Information given =
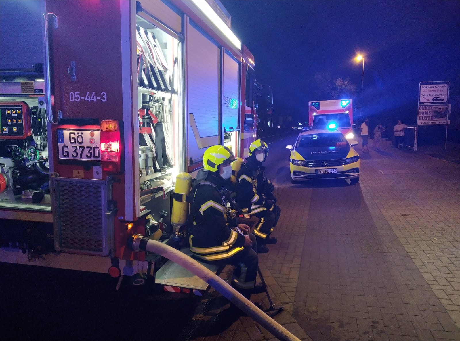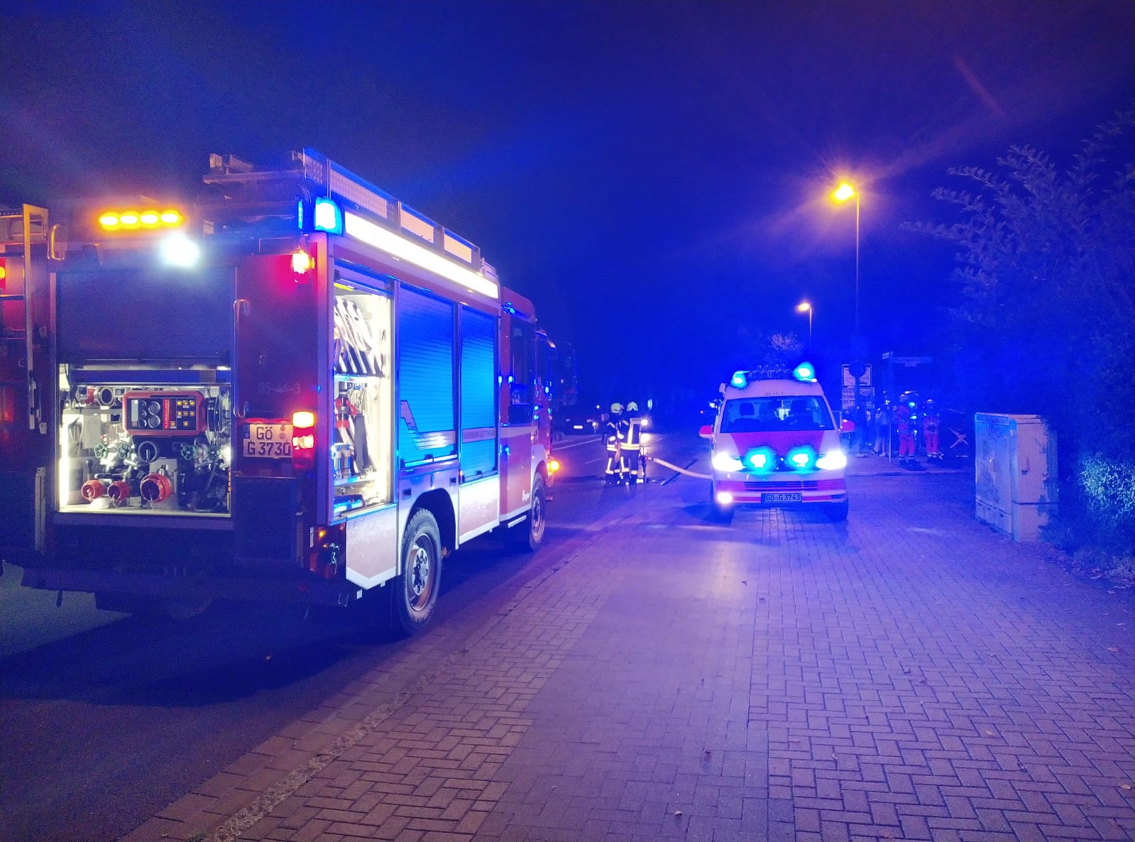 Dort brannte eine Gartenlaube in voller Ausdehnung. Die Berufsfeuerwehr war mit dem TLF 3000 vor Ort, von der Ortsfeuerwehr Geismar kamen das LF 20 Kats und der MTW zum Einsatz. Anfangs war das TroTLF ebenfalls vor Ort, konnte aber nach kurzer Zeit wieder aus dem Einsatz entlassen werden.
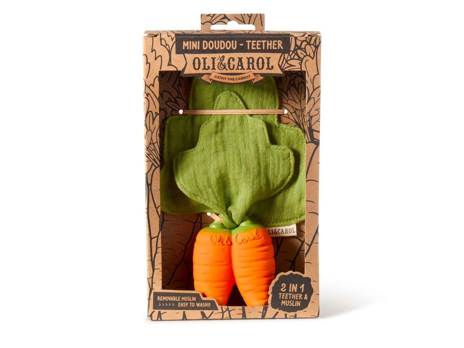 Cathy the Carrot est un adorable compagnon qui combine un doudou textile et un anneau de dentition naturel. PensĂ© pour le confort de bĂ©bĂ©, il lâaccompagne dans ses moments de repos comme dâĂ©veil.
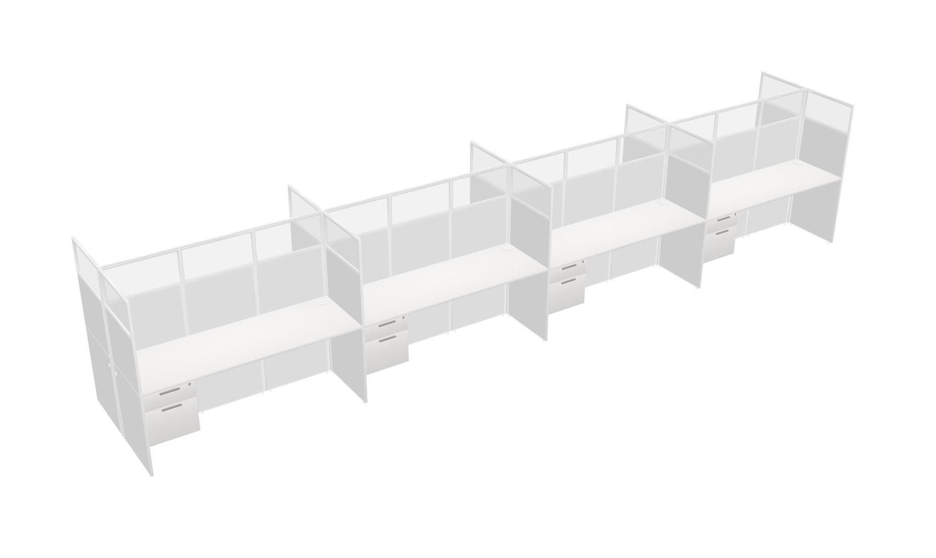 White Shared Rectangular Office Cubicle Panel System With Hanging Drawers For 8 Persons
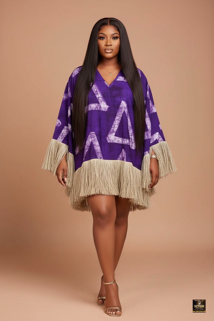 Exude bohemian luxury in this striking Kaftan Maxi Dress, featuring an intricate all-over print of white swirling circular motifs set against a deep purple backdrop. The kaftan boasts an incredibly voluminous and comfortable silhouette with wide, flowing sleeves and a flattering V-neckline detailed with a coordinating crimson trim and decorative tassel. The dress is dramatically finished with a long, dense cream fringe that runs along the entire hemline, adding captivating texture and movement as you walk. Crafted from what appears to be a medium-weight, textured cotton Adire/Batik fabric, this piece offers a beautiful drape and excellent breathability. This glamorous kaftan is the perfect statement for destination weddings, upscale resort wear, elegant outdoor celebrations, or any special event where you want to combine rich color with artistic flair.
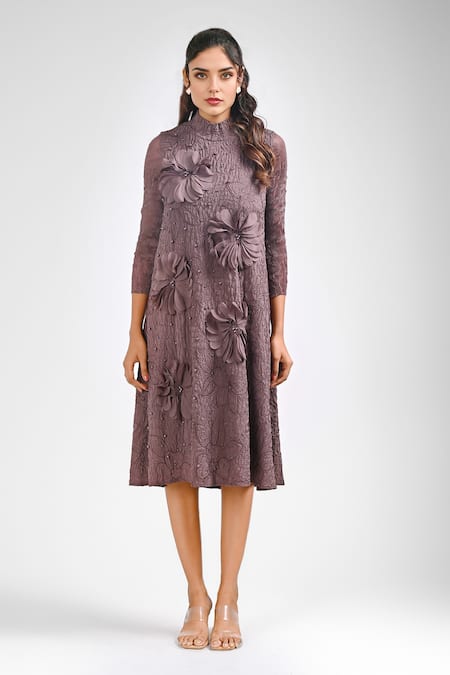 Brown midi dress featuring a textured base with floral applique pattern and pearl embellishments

Task objective = Excluding all pictures, output exactly the lines from the line containing "Cathy the Carrot" through the last line of the entries above.

Solution =
 Cathy the Carrot est un adorable compagnon qui combine un doudou textile et un anneau de dentition naturel. PensĂ© pour le confort de bĂ©bĂ©, il lâaccompagne dans ses moments de repos comme dâĂ©veil.
 White Shared Rectangular Office Cubicle Panel System With Hanging Drawers For 8 Persons
 Exude bohemian luxury in this striking Kaftan Maxi Dress, featuring an intricate all-over print of white swirling circular motifs set against a deep purple backdrop. The kaftan boasts an incredibly voluminous and comfortable silhouette with wide, flowing sleeves and a flattering V-neckline detailed with a coordinating crimson trim and decorative tassel. The dress is dramatically finished with a long, dense cream fringe that runs along the entire hemline, adding captivating texture and movement as you walk. Crafted from what appears to be a medium-weight, textured cotton Adire/Batik fabric, this piece offers a beautiful drape and excellent breathability. This glamorous kaftan is the perfect statement for destination weddings, upscale resort wear, elegant outdoor celebrations, or any special event where you want to combine rich color with artistic flair.
 Brown midi dress featuring a textured base with floral applique pattern and pearl embellishments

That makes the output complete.